### TASK STATEMENT
Only the lines of the listing below that run from the line with "Digital Sheet Music" through the line with "尺寸非常吻合 这是能装的最大的四活塞卡钳了 距离轮毂只有3毫米左右的间隙 非常精准的安装" are to be set down, word for word. Pictures stay out.

### INFORMATION PROVIDED
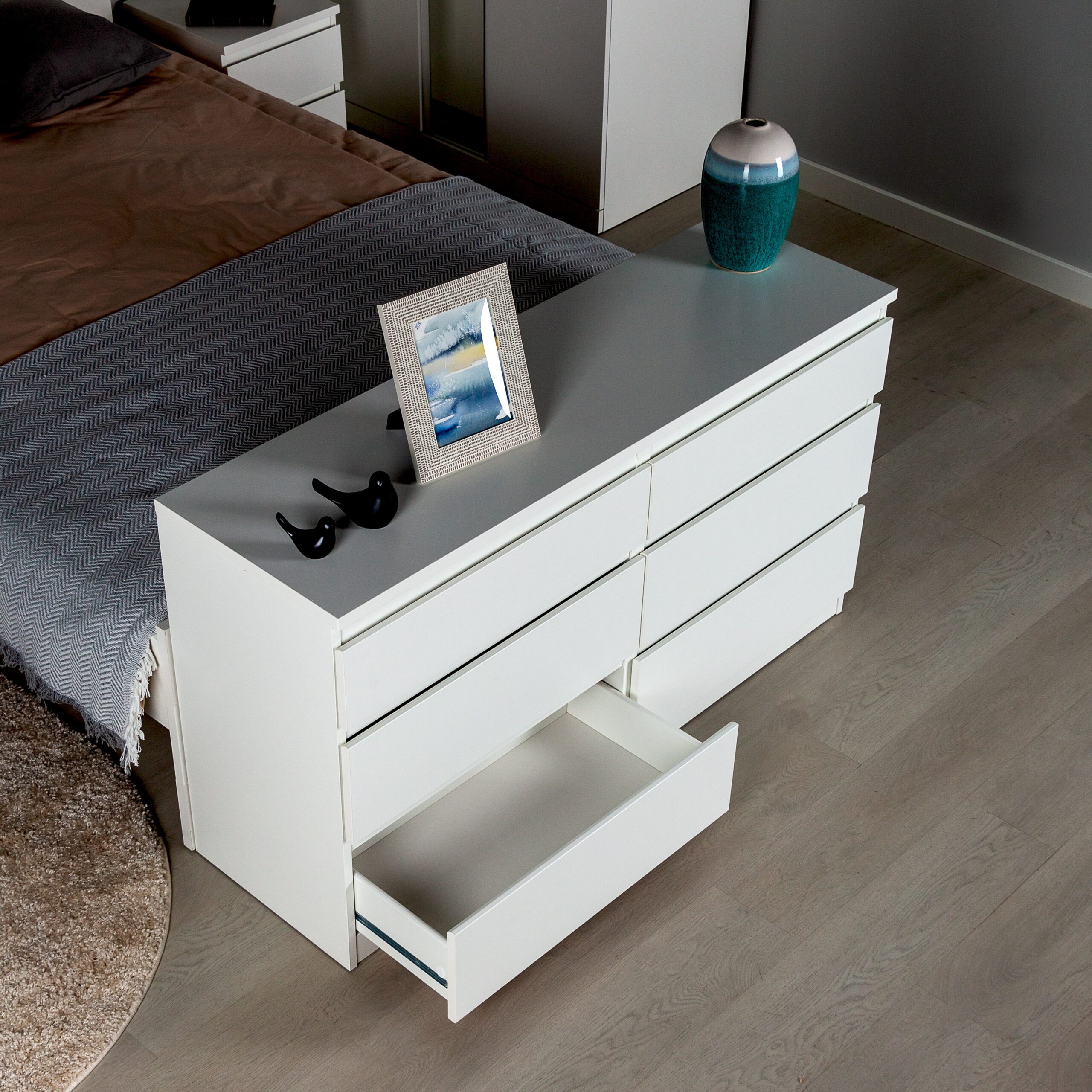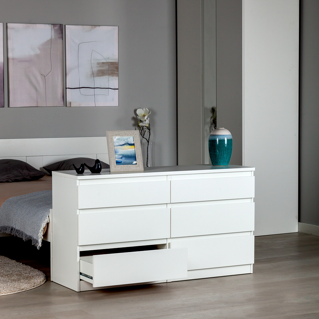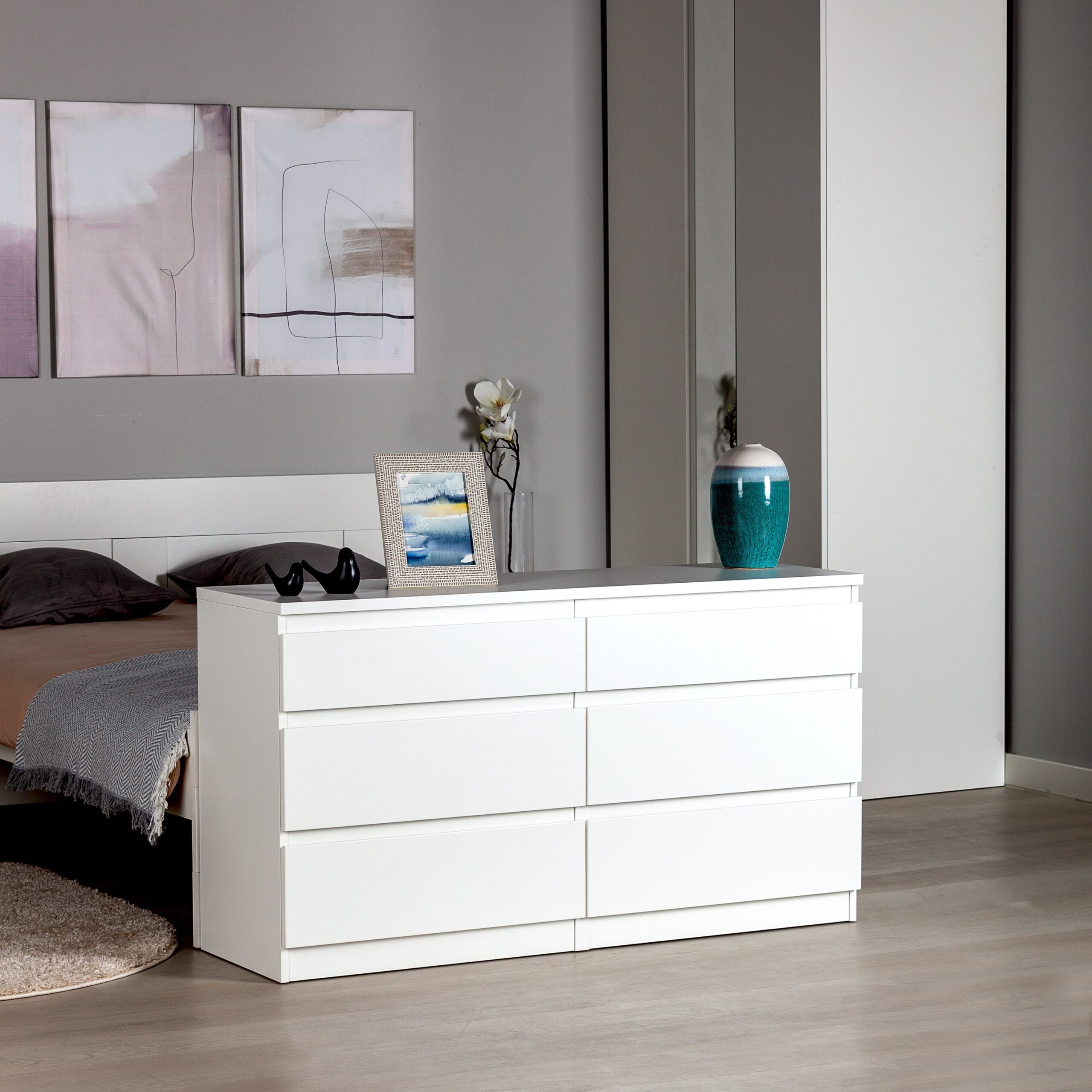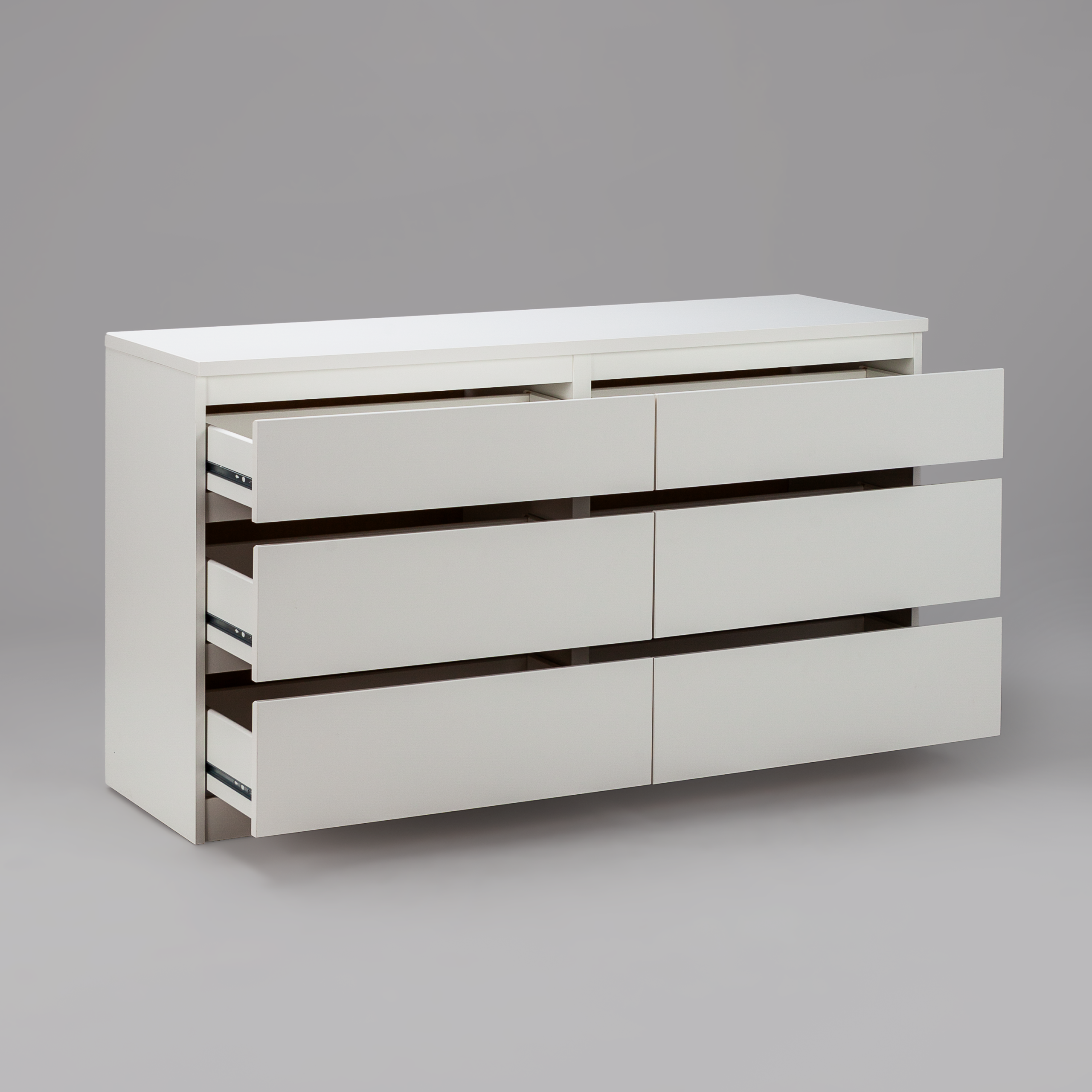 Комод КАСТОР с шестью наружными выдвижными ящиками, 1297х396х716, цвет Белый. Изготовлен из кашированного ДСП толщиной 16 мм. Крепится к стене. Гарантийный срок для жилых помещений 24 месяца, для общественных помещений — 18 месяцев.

---

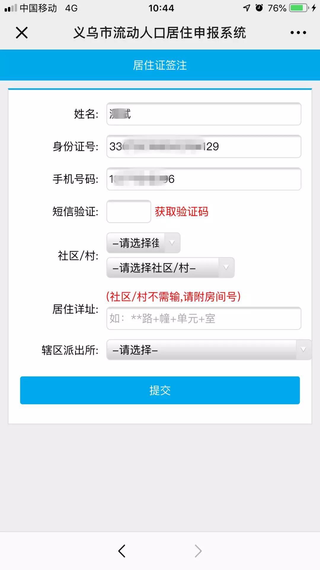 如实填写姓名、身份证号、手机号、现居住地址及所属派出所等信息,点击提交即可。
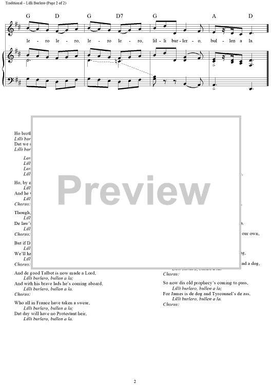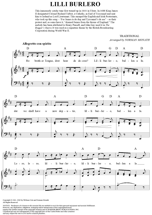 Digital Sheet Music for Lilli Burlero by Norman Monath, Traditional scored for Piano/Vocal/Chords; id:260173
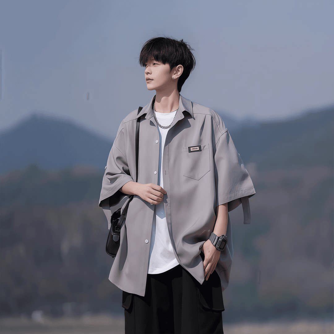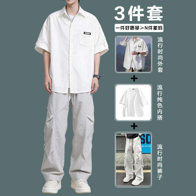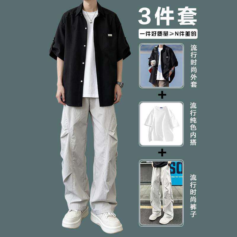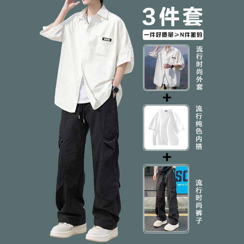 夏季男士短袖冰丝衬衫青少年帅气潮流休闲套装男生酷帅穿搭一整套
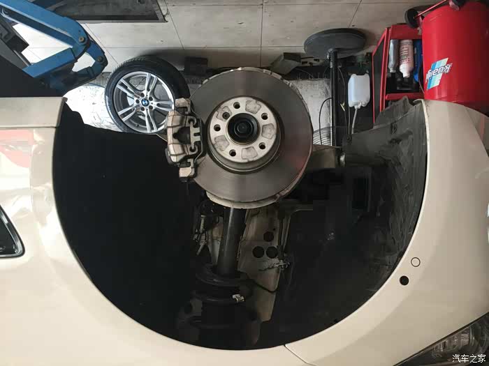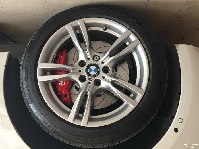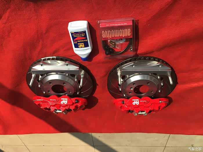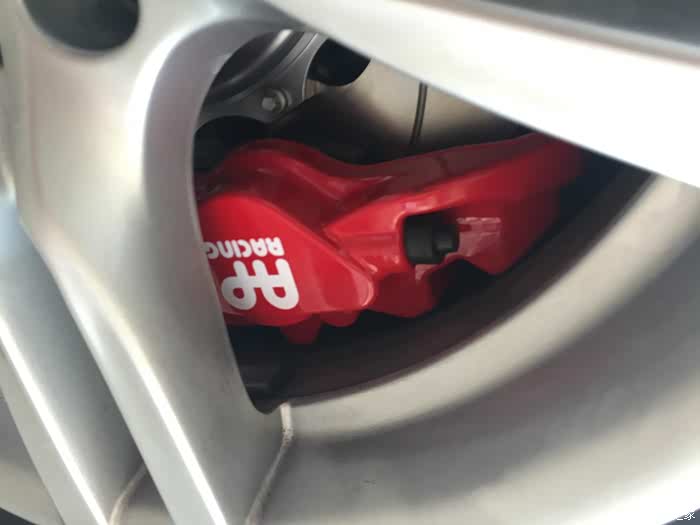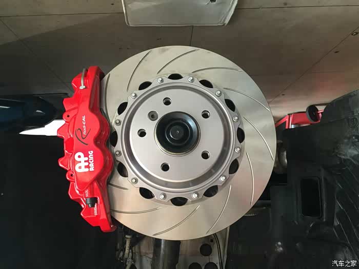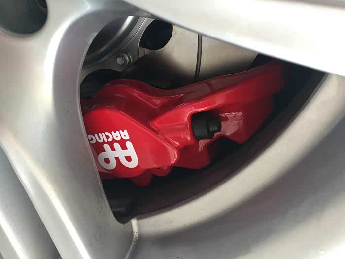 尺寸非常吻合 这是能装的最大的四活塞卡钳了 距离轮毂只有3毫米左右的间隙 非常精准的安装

### EXERCISE ANSWER
 Digital Sheet Music for Lilli Burlero by Norman Monath, Traditional scored for Piano/Vocal/Chords; id:260173
 夏季男士短袖冰丝衬衫青少年帅气潮流休闲套装男生酷帅穿搭一整套
 尺寸非常吻合 这是能装的最大的四活塞卡钳了 距离轮毂只有3毫米左右的间隙 非常精准的安装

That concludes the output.